UK lender slashes rate for consumers sharing open banking data

The news: UK specialist lender Shawbrook Bank will provide a loan discount to applicants who share their open banking data, per AltFi.

More on this: The private bank joins forces with the credit department ClearScore’s open banking technology to assess applicants’ creditworthiness.

  • Shawbrook offers loans and savings products to individuals and small and medium-sized enterprises (SMEs) that cannot obtain financing from major commercial banks. Its products include commercial real estate loans, personal loans, and tailored financing and savings products.
  • ClearScore, launched in 2015, was the first UK service to give consumers access to their credit score and report. It now offers a credit check app and financial offers based on users’ credit records.

This is how it works:

  • Shawbrook will integrate ClearScore’s open banking data into its intelligence technology. This allows it to collect revenue and expense data at the point of application in real time.
  • Customers who provide open banking details at the time of application via ClearScore and are eligible for personal loans with Shawbrook Bank will benefit from a 1% APR reduction on the loan rate.
  • Shawbrook will only have access to an applicant’s data once to make a loan decision; he will not have access to this data on an ongoing basis.
  • Andy Sleigh, CEO of ClearScore UK, said: “Our research has shown that using an open banking system to open loans to just 5% of ClearScore’s underserved population would result in an additional £30m ($39.2m) in loans per month— a number that could increase significantly… as these users begin to use other forms of credit.

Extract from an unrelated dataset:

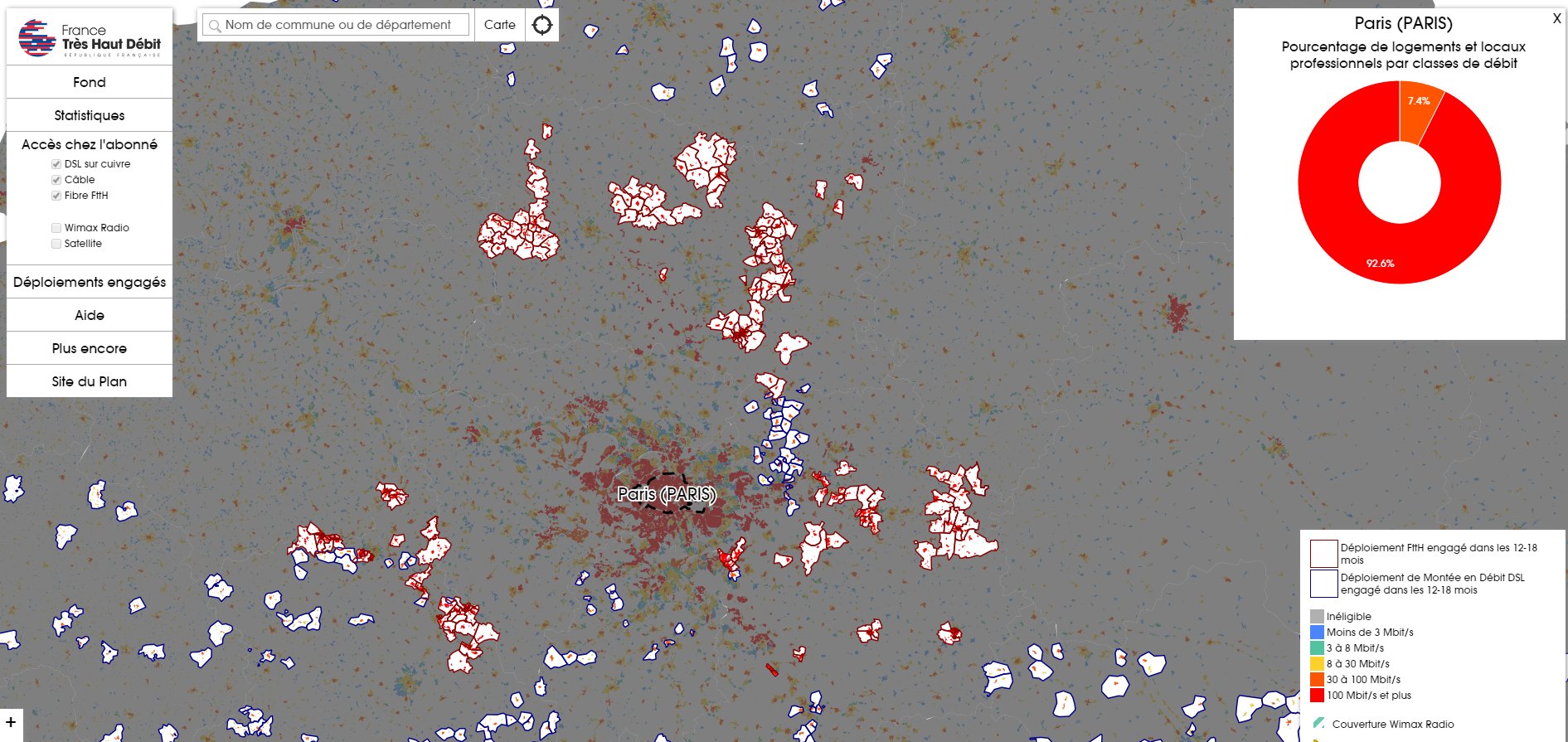 Dans le cadre du Plan France Très Haut Débit, qui prévoit l’installation du très haut débit sur l’entièreté du territoire français en 2022 (via la fibre optique, le VDSL et le câble) un observatoire interactif a été mis en place par le ministère de l’économie sur le site francethd.fr afin de pouvoir suivre l’évolution des avancées en matière de déploiement du très haut débit.

Key context: Transaction-level data is only available to franchise banks that own the customer relationship. But because a basic principle of open banking is that consumers own their personal financial data – with the right to use or share it, with requirements for data privacy, data permissions and secure exchange – these data now becomes, in effect, another asset that consumers can trade.

In this exchange, Shawbrook gets more complete and detailed information to make credit decisions and consumers get a discount.

The big takeaway: Since everything we own or do is digital or can be represented digitally, financial data sets can also be captured and traded as collateral. It’s reminiscent of the now-defunct New York startup Data shotwhich allowed individuals for a short time to sell their personal data, such as social media activity and credit card transactions, to information brokers for a monthly fee. Shawbrook’s offer is less drastic than that. But it’s much more transparent than other platforms and transactions that continually collect consumer financial data.